Introduction

Availability of diverse Malus germplasm is critical for pursuing successful apple breeding efforts, as it increases genetic diversity and allows for development of new apple cultivars with enhanced and/or desirable traits. This also aids in diversifying the gene pool and preserving those unique genetic traits available in this material.

When characterizing plant germplasm, incidence of multiple clones of genetic material as well as mislabeling of accessions may occur, which are both costly and undesirable (Garkava-Gustavsson et al. 2008). Moreover, proper identification and characterization of plant germplasm will protect intellectual property as well as aid in identifying parents carrying genes of interest for breeding efforts (Goulão et al. 2001; Dávila et al. 1998).
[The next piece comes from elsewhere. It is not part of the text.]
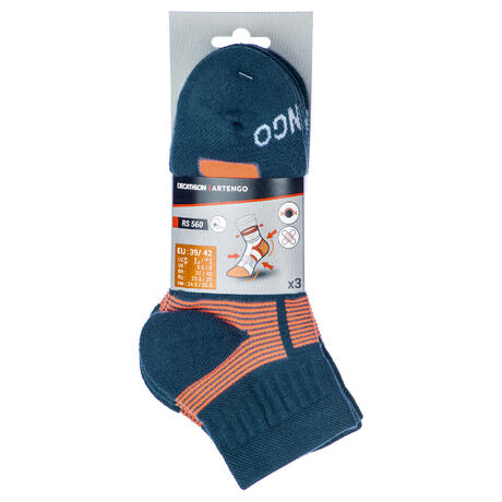MEIAS CANO MÉDIO-ALTO DESPORTOS DE RAQUETE ADULTO RS 560 CINZA/LARANJA (3 PARES)
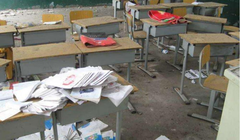 雷楚年一头扎进教室,才发现里面连地板都是歪斜的,满屋子的灰迷住了他的双眼,天花板上还有碎砖屑时不时倾洒下来……

By selecting diverse parents and increasing genetic diversity through germplasm collections, progress can be made in apple plant breeding efforts towards developing new cultivars with economically valuable traits including those with enhanced fruit quality and disease and pest resistance.

As in vivo maintenance and management of Malus germplasm are labor-intensive, costly, and require commitment of land resources for germplasm conservation efforts, determining genetic identity and genetic relatedness among accessions also impacts efficiency and utilization of such germplasm collections in breeding programs (Kresovich and McFerson 1992; Russell et al. 1997). The constraints of management of the Malus germplasm collection have led to development of strategies for germplasm evaluation. One of these strategies is the development of a core collection consisting of accessions having high levels of genetic diversity that could serve as representatives of the entire genetic diversity available within a collection (Frankel 1984; Brown 1989; Marshall 1990; Brown 1995). Developing core subsets of a population enhances the efficiency of screening and evaluation of desirable target traits. To increase the usefulness of core collections, the genetic information must be clearly identified and documented (Hokanson et al. 1998).

The use of DNA-based molecular markers has been highly critical and valuable for pursuing studies to assess genetic diversity, determine genetic relatedness, and identify genes of interest (Han and Korban 2010; Chen et al. 2010; Baraket et al. 2011). Markers such as simple sequence repeats (SSRs) are highly polymorphic, reproducible, and are distributed throughout the genome, rendering these markers ideal for pursuing genetic diversity studies. This has proven successful for various other fruit crops such as apricot (Wang et al. 2011), cherry (Clarke and Tobutt 2009), and strawberry (Govan et al. 2008), among others. Therefore, the use of DNA-based markers to characterize the Malus germplasm is a highly valuable and reliable tool (Garkava-Gustavsson et al. 2008; Zhang et al. 2011).

Many apple SSR markers have been developed, and most have proven highly valuable for identifying and characterizing limited numbers of apple germplasm, identifying loci associated with target genes, and for map-based cloning efforts (Liebhard et al. 2002; Naik et al. 2006; Gasic et al. 2009; Han and Korban 2010; Zhang et al. 2011). The overall goal of this study is to assess genetic relatedness and diversity in a large collection of Malus germplasm, selected by the US Apple Crop Germplasm Committee as a core collection based on known and/or reported phenotypic and genetic traits, using SSR markers.

Materials and Methods

Plant Material and DNA Extraction

Young expanding leaves were collected from 164 Malus accessions maintained within the Malus core collection available at the University of Illinois (Table 1). This core collection, selected by the US Apple Crop Germplasm Committee based on either known or reported phenotypic and genotypic traits, is a subset of Malus accessions representing the genetic diversity of the entire Malus germplasm available at the clonal repository of the Plant Genetic Resources Unit in Geneva, NY, USA. It is comprised of wild accessions, old and new cultivars, as well as advanced selections.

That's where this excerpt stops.